Task brief =
Wherever pictures appear in the listing below, leave them out, and copy exactly, and only, everything from the line with "Lunchables Brunchables bring" down to the line with "1月31日晚,湖北省药监局发".

Given data =
● ● ● ● ●

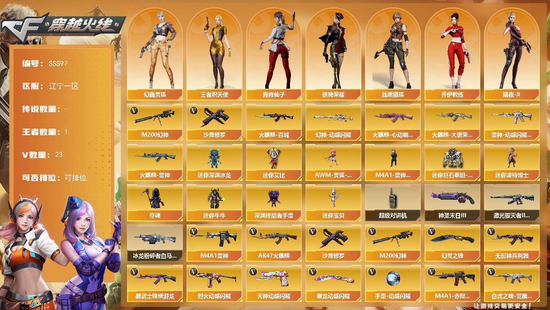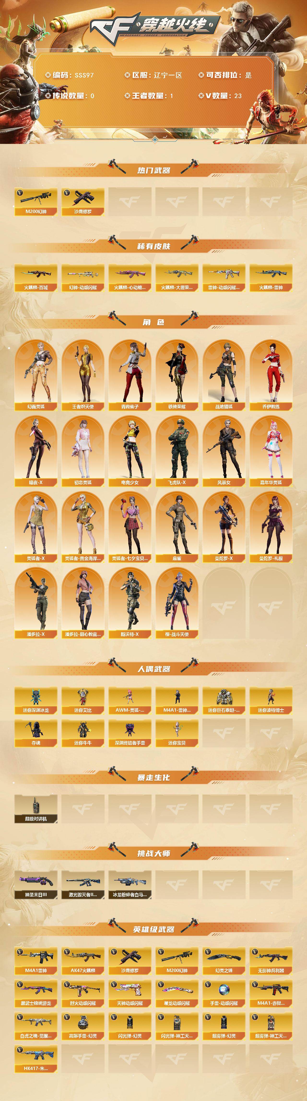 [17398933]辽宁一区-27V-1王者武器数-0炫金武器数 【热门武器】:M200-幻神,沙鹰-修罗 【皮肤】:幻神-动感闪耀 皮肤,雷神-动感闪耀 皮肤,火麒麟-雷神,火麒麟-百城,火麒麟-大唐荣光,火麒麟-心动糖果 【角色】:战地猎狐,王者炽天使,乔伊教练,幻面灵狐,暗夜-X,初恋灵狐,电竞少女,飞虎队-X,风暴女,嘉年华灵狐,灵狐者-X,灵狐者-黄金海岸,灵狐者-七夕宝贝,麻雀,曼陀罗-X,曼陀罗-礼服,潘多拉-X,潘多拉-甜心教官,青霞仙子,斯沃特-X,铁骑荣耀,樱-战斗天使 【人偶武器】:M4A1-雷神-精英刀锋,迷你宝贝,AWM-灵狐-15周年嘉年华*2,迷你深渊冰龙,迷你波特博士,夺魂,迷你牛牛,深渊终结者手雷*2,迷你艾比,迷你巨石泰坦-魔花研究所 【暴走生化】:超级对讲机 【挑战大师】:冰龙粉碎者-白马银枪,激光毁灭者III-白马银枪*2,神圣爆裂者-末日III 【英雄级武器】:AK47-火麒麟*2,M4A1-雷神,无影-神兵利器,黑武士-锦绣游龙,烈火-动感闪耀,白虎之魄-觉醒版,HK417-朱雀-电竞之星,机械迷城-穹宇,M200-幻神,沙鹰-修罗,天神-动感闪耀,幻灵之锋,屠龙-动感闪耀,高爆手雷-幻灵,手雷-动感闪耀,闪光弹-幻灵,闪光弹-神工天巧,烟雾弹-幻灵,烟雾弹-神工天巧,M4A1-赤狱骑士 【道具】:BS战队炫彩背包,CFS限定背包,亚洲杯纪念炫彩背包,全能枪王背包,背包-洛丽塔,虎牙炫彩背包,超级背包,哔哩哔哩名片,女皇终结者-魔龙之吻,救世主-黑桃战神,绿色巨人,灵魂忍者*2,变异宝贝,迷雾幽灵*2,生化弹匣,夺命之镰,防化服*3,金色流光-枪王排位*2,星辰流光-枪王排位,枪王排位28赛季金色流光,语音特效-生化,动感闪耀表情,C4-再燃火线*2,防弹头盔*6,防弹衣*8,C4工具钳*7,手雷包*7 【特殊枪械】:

● ● ● ● ●

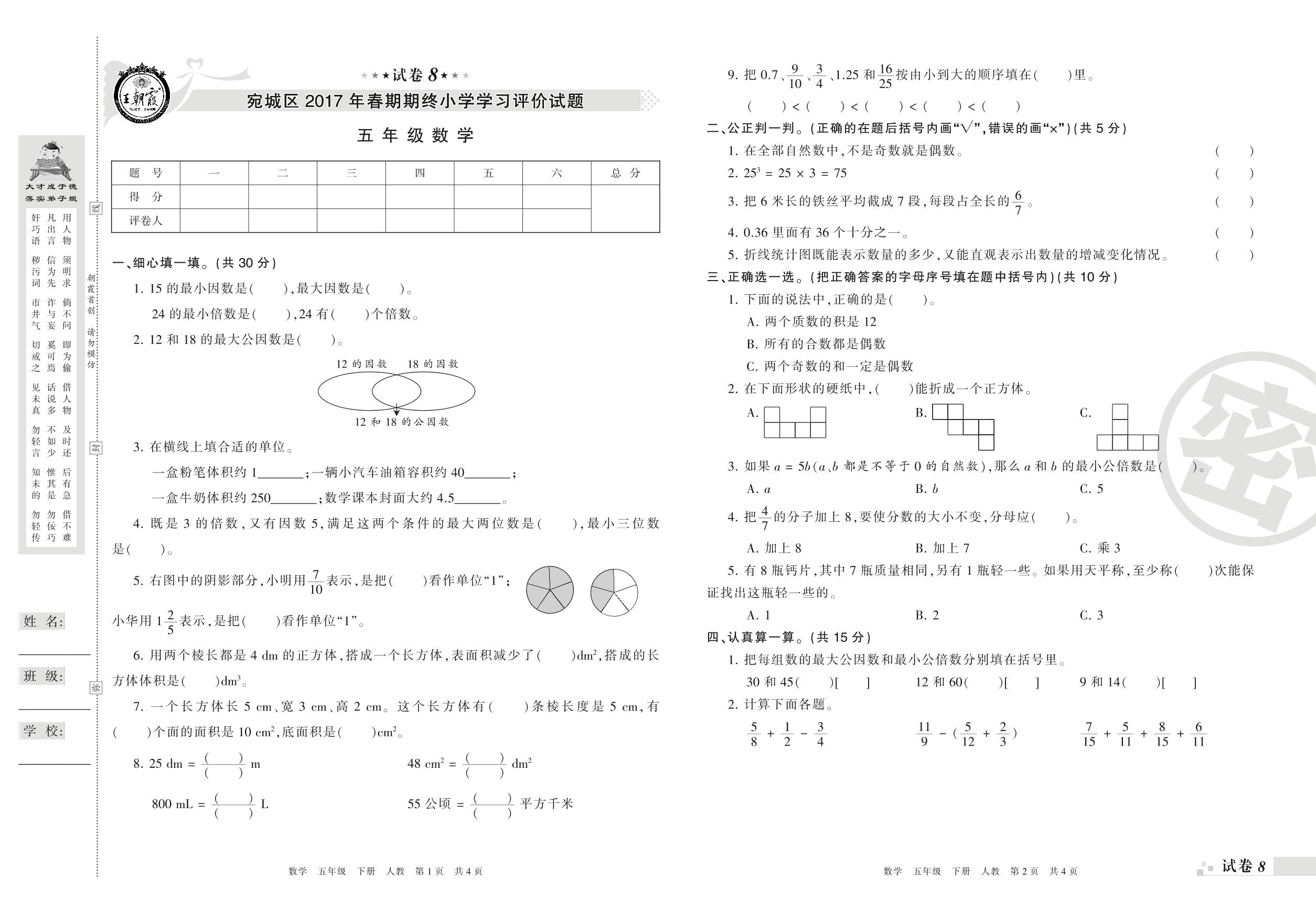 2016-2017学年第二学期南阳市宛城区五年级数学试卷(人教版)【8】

● ● ● ● ●

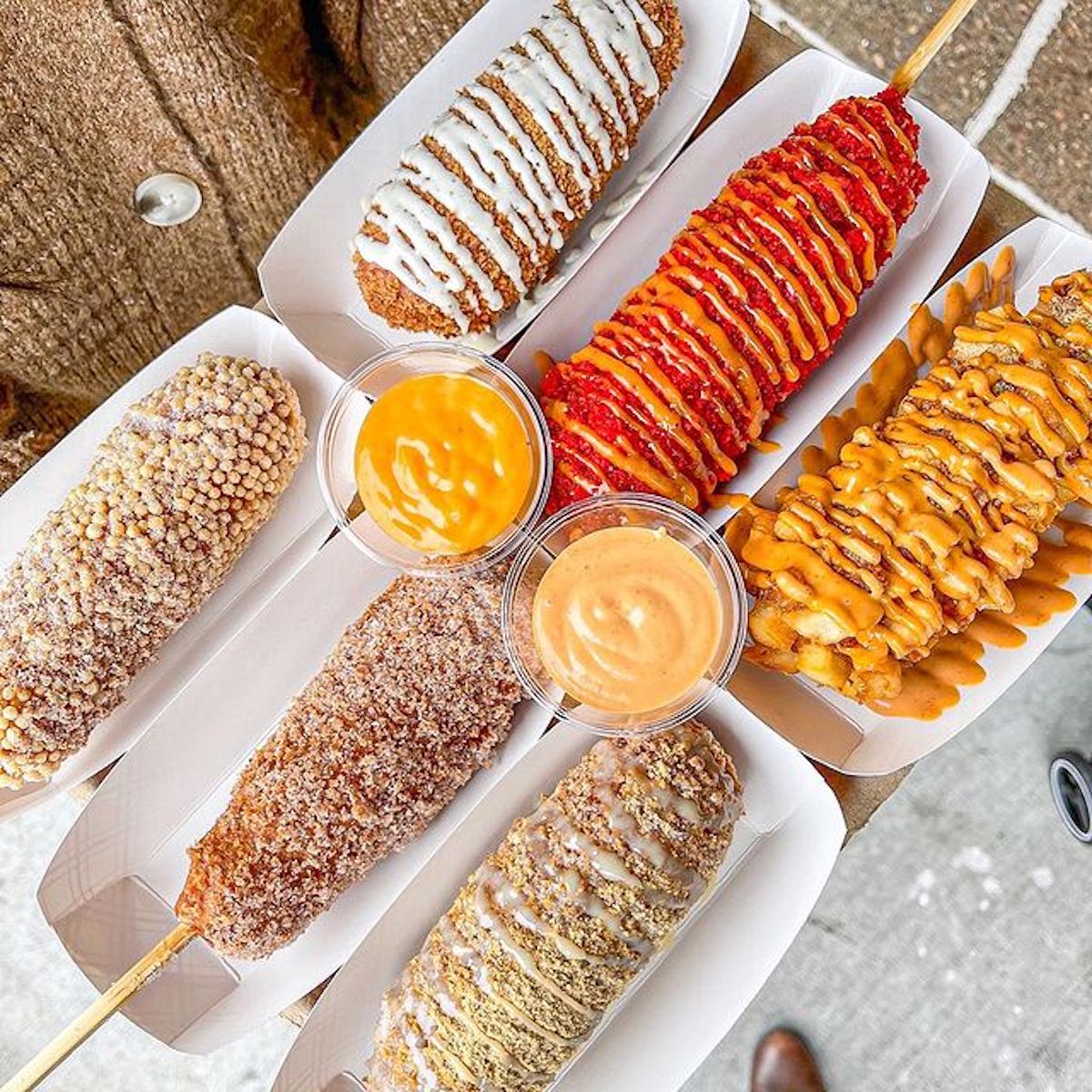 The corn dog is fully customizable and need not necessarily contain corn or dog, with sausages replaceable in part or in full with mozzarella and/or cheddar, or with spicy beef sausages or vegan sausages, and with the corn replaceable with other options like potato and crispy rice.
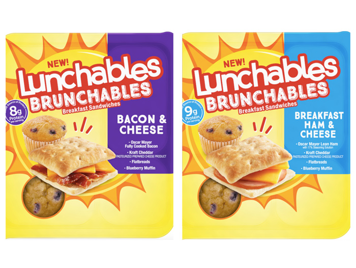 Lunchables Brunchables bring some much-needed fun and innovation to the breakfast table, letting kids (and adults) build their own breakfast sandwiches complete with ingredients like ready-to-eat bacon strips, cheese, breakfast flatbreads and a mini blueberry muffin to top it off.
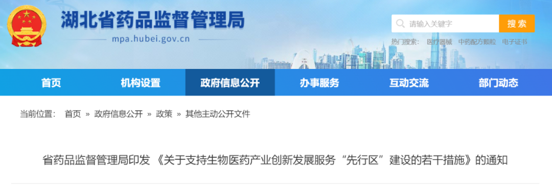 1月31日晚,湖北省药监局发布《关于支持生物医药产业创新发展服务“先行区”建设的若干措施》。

● ● ● ● ●

Result of this task =
 Lunchables Brunchables bring some much-needed fun and innovation to the breakfast table, letting kids (and adults) build their own breakfast sandwiches complete with ingredients like ready-to-eat bacon strips, cheese, breakfast flatbreads and a mini blueberry muffin to top it off.
 1月31日晚,湖北省药监局发布《关于支持生物医药产业创新发展服务“先行区”建设的若干措施》。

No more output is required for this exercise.